Brine versus pre-wet showdown deemed 'inconclusive'


Top transport bodies and researchers have called for more work on comparing the benefits of pre-wet salt and brine road treatment solutions for winter service, after an initial study failed to provide conclusive results.

The study was carried out by the National Winter Service Research Group (NWSRG), working with the Transport Research Laboratory (TRL) and national partners including Transport Scotland and the former Highways Agency now Highways England.

Coordinated trials took place on three sites across the UK - A1, A9 and M27 - in the winter 2014/15 to compare the rate of loss of pre-wet and brine on roads in conditions close to freezing.

The sites incorporated road surfacings relevant to trunk road operators and local authorities and measured the rate of salt loss on the roads.

A full report released today by the NWSRG states: ‘It cannot currently be concluded that that there would be a significant difference between the percentage salt losses measured for brine and pre-wetted salt on UKPTS if equivalent amounts of salt were spread for each method.’

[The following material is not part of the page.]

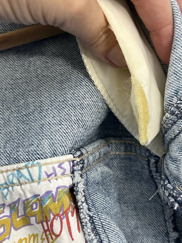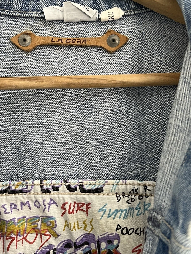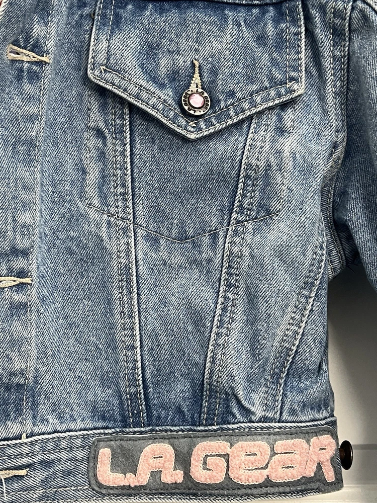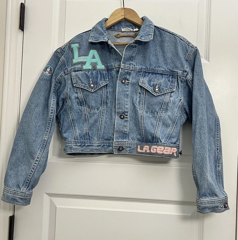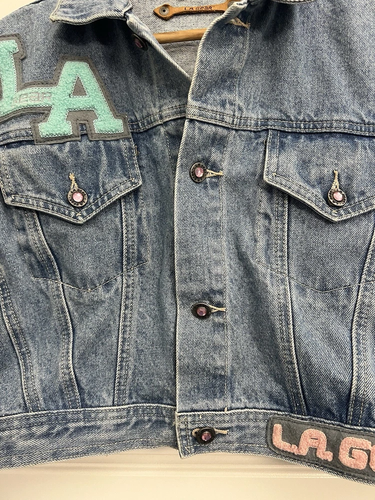 Double sided letterman Cropped, adjustable sides Pleated Pink Jeweled buttons Patches Inside graffiti In good preowned condition. The shoulder pad has an about an inch section that needs to be resown. Please see all photos. Follow for more.

Findings did show that in the first two hours after spreading there is a higher rate of salt loss for pre-wet in direct comparison to the brine in UK specification Propriety Thin Surfacing (UKPTS) trials. Thereafter there was a similar loss for each type of treatment over the next few hours.

However it adds this direct comparison ‘is between a higher salt spread rate for the pre-wetted salt than the brine’.

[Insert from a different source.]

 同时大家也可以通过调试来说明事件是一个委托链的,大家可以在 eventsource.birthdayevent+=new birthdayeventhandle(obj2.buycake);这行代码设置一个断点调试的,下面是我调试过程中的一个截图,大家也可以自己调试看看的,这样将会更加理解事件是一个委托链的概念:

It also found based on these comparisons: ‘Residual salt levels after brine spreading on hot rolled asphalt (HRA) would appear to exhibit greater longevity than salt levels after pre-wet spreading. It seems feasible similar behaviour would be seen on other dense surfaces such as denser types of SMA.’

The report states there is ‘potential for using brine-only treatments in certain circumstances’ but calls for more research to help create guidance on effective treatment methods for different conditions, as well as economic evaluations.